Britain’s most popular crisp is Walkers Ready Salted. More packs are sold of Walkers Ready Salted than any other crisp, closely followed by Cheese and Onion and Salt and Vinegar. This is the crisp industry holy trinity. If you sell crisps, you likely stock Walkers. If somebody comes in asking for crisps, you wave your arm in the direction of your display of Ready Salted, Cheese and Onion and Salt and Vinegar and probably get a sale.

Here’s the thing though. If you look just at ROI – Return on Investment – on crisps, Ready Salted give you a marginally better bang for your buck. And in business, that’s what we are told to prioritise. Stock up on Ready Salted, sit back and watch those tasty, salty crisp profits roll in. And if you were on a station forecourt, catering to a busy traveller whose priority was convenience, they probably would.

But your journey into the crisp continuum has just begun. Walkers have $660 million turnover. Their nearest rivals are McCoys (£130M), Supermarket own label (£117M), Kettle Chips (£96M), Tyrells (£46M), Seabrooks (£27M), Golden Wonder, Jacobs, Ritz, Mackies, Burts… and Just Crisps.

If you wanted to be a SPECIALITY crisp shop, you might want to stock all these. In all these flavours and more. In Prawn Cocktail, and Smokey Bacon, and grab bags and multipacks and family bags with a week’s calories worth just waiting for you to gorge yourself on. There are tortilla chips, nuts, lentil snacks, crisp breads… supermarket shelves are laden with choice, both in terms of depth – variety – breadth – manufacturer – and shelf presence to maximise brand exposure. You could literally fill a shop just with UK crisps, before you imported American crisps or European Paprika crisps.

Now when a customer walks in your store and they ask if you sell crisps, you scream “Our store is LITERALLY called World of Crisps. Gaze on my works ye mighty and despair!”

World of Crisps is what we call Top of Mind – it’s a destination store that will attract traganiphiles from miles around. I bet they even have Really Ruthless Spicy Mexican Meatball (my all time favourite flavour, out of production since 1994. I weep bitter tears of regret daily). But stumble into World of Crisps on the way to catching the 10:19 to Basingstoke and you are going to miss your train.

But here’s the 79p question. Realistically, how many packets of crisps does the average customer buy? What your breadth and depth and shelf presence has done is given you a greater chance of sales capture. Of maximising the chance of selling that one packet of crisps. In almost every way that is really bad RoI. It sucks greater than a man who has just eaten spicy Mexican Meatball crisps for the first time and is gulping down the nearest frosty beverage

You see, these are extreme poles on our crisp continuum. We want some kind of breadth, depth, shelf presence, RoI and ToM, simultaneously. How does a binary choice help us here? How many flavours of crisps is choice? How many varieties before we can call ourselves a crisp shop? Where do we stand on the crisp continuum, and is the profit enough?

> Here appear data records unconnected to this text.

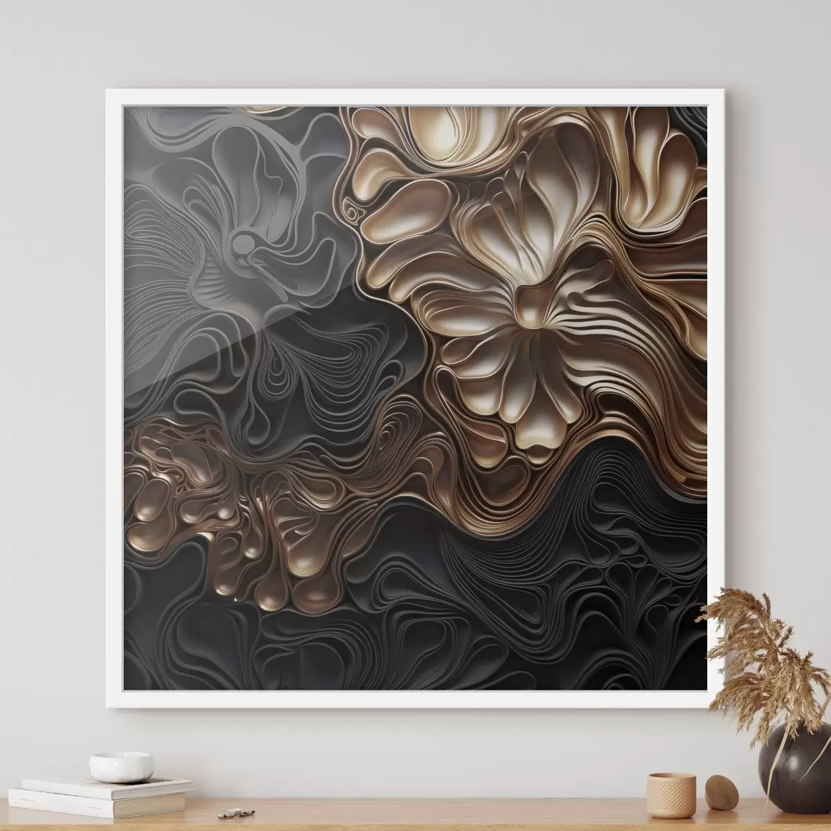 Poster Abstrakcyjne, płynne, organiczne ciemne kształty tworzące teksturowaną sztukę współczesną Nr f48383
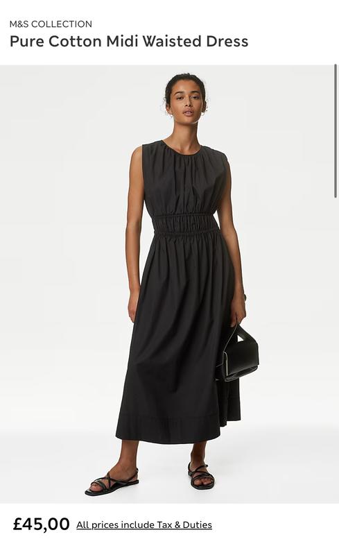 Сукня в ідеальному стані, як нова. Дуже гарний фасон, стильно і на кожен день і на свято, натуральний склад 100% бавовна, важка, дуже якісна. Сукня з кишенями, верх з не великою драпіровкою, на талії резинка, на спинці, ближче до шиї завʼязки. Розмір по бірці 16. Заміри: Довжина від плеча: 128 см Пів обхват груди: 56 см Пів обхват талії: 43 см, тягнеться до 63 см Пів обхват стегон: 81 см
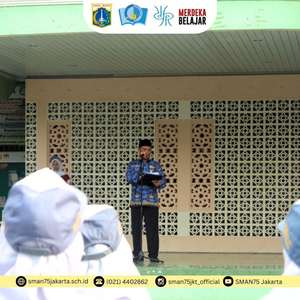 Kepala sekolah SMAN 75 Jakarta Drs. Ubaidillah, M.Pd. menjadi pembina upacara sekaligus membacakan pidato Menteri Sosial.
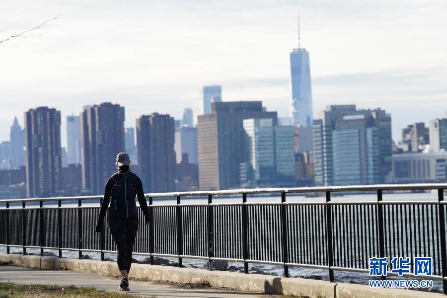 1月9日,在美國紐約,一名女子在東河河畔散步。
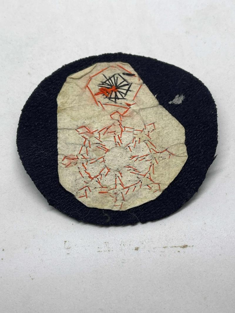 Imperial Japanese Navy EM/NCO sleeve patch for Seamanship elementary level, used on type 1 uniform blues. Some moth damage but rarer patch. NOTE Do have many others available, get in touch if interested.
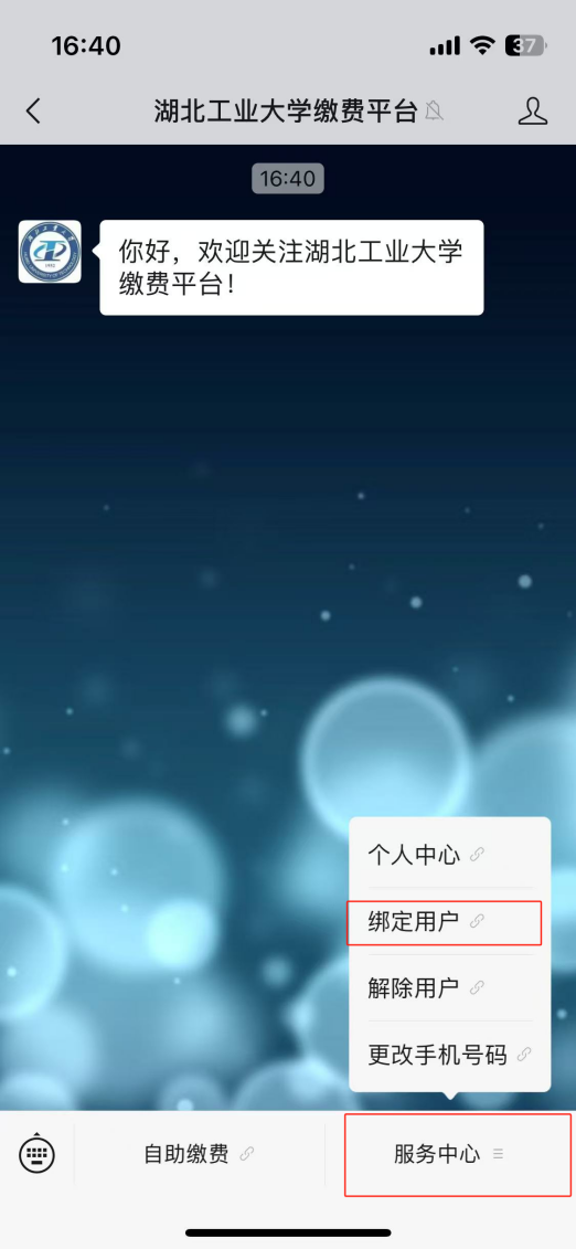 1. 移动支付操作流程缴费的用户需先微信搜索关注“湖北工业大学缴费平台”(服务号)
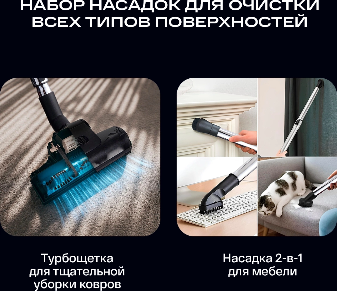 • Аксессуары в комплекте насадка для мягкой мебели, насадка для пола и ковров, турбощетка, щелевая насадка
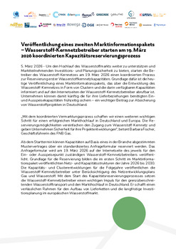Der über alle Wasserstoff-Kernnetzbetreiber koordinierte Prozess basiert auf dem neu veröffentlichten Marktinformationspaket (siehe Download), welches unter anderem die Cluster-/Kapazitätsentwicklung im Zeitraum 2026-2030 sowie den konkreten Anfrage- und Reservierungsprozess beschreibt.
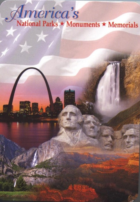 Impact Photographics has produced several decks for individual U.S. National Park Service sites; this is the deck that covers many American parks, monuments and memorials. Each card has a different location and photograph. No publication year on box.

We stock Just Crisps. The brand. Not, you know, just crisps. I realise it is probably needlessly confusing at this point but hey. “ARE YOU CRAZY DAVE?” I hear you ask “You literally just told us that the brand leader was Walkers!!!”

And that’s why I don’t stock them.

Being a quantum retailer is about choice, but that choice is even more complex. I found the best tasting crisp on the market and I stocked it. I’m not on a commuter rat run, and I’m not World of Crisps. And I’m not Tesco’s. When it comes to crisp my customers are not price sensitive, so I don’t have to compete on convenience or price.

I can choose to compete on taste.

And if you want Walkers, Tesco’s is a minute away. Sainsbury’s a minute away. A dozen newsagents, a minute away. And they are all competing on price and convenience. And they are all competing on the same

one

product.

Because that’s what happens when you chase the biggest brand from the biggest industry leader. Everyone chases the easy money, the low hanging fruit. Or in this case, vegetable.

I chose to be Top of Mind for my crisp curation simply by carrying the best. I chose to believe that my time, my effort, my curation added value. If you travel to my store and eat my crisps, I honestly believe you will agree that they are the best crisps you have ever tasted (pending a time machine, and a conveniently located frosty beverage. For emergencies).

And I guarantee you’ll pass a shop selling Walkers cheaper on the way.

My name is Dave Salisbury, and I have been the quantum retailer.